Outgoing Senate President Bill Cadman, R-Colorado Springs, drew a line in the sand before the session began, unveiling an oversized legal memo on an easel that stated: Switching to an enterprise fund, or government-owned business, would be illegal.

Less than a month later, Cadman stood in a Capitol foyer with Americans for Prosperity – which strongly opposed the fee restructuring – and declared: “I don’t think I would be the president of the Senate if it wasn’t for ... you.”

Democrats didn’t introduce the hospital provider fee legislation until March 28, but by then, the tone was set.

One day before the session ended, Senate Republicans killed the effort, despite a late-February opinion from Republican Attorney General Cynthia Coffman that the move would be legal.

The sticking point was Medicaid. Republicans didn’t want to free money for government to spend without curbing entitlement spending.

“They ‘promise’ this money won’t go into health care entitlements ‘notwithstanding’ surprises,” Cadman said. “It’s like a solid promise, sort of, maybe.”

The plan would have exempted the fee from the Taxpayer’s Bill of Rights, taking the revenue out of the TABOR calculation and lowering taxpayer refunds set aside in the general fund, thereby freeing money for spending.

The fee is forecast to generate $730 million in revenue for the upcoming fiscal year. The additional money would have gone to schools, roads, local severance tax funds, capital construction and discretionary spending.

“What is most disappointing to me is the influence of Americans for Prosperity,” said House Majority Leader Crisanta Duran, D-Denver. “I think we should start calling Americans for Prosperity what they are, which is Americans for Potholes.”

Michael Fields, state director for AFP, responded: “Why are these liberal legislators so afraid to ask the people for more money?” saying the issue should have gone to the ballot. “It’s because they know that most Coloradans believe that $27 billion is more than enough to fix potholes and educate our kids.”

The hospital provider fee idea was proposed last year by Hickenlooper, a Democrat. The governor said he has not ruled out calling a special session.

“We knew from the beginning that he (Cadman) felt this was a difficult hill for him to climb,” Hickenlooper said. “Depending on whether we have a special session, he might still get a chance.”

When it came to transportation funding, similar gridlock plagued the process.

Republicans – in the last days of the session – backed asking voters to approve $3.5 billion in bonds to pay for road construction.
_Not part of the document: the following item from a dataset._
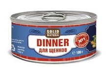 Solid Natura Dinner с телятиной - консервированное влажное питание класса премиум для щенков. Нежная консистенция в виде фарша, отличная поедаемость, в составе отсутствуют зерновые культуры.

Democrats killed the effort.

Republicans alleged that Democrats killed it because the hospital provider fee was rejected.

“I’m beginning to think ... that there’s one side that fully doesn’t believe that the issue is as bad as what it is,” said outgoing House Minority Leader Brian DelGrosso, R-Loveland.

What’s particularly puzzling is the failure to move Colorado from a caucus to a presidential primary.

Both sides wanted it and the time seemed right, given the March 1 caucus, which was mired by complaints over long lines and confusion.

“How did that happen?” asked Hickenlooper. “That seemed like something that was going to be a fairly easy bipartisan win.”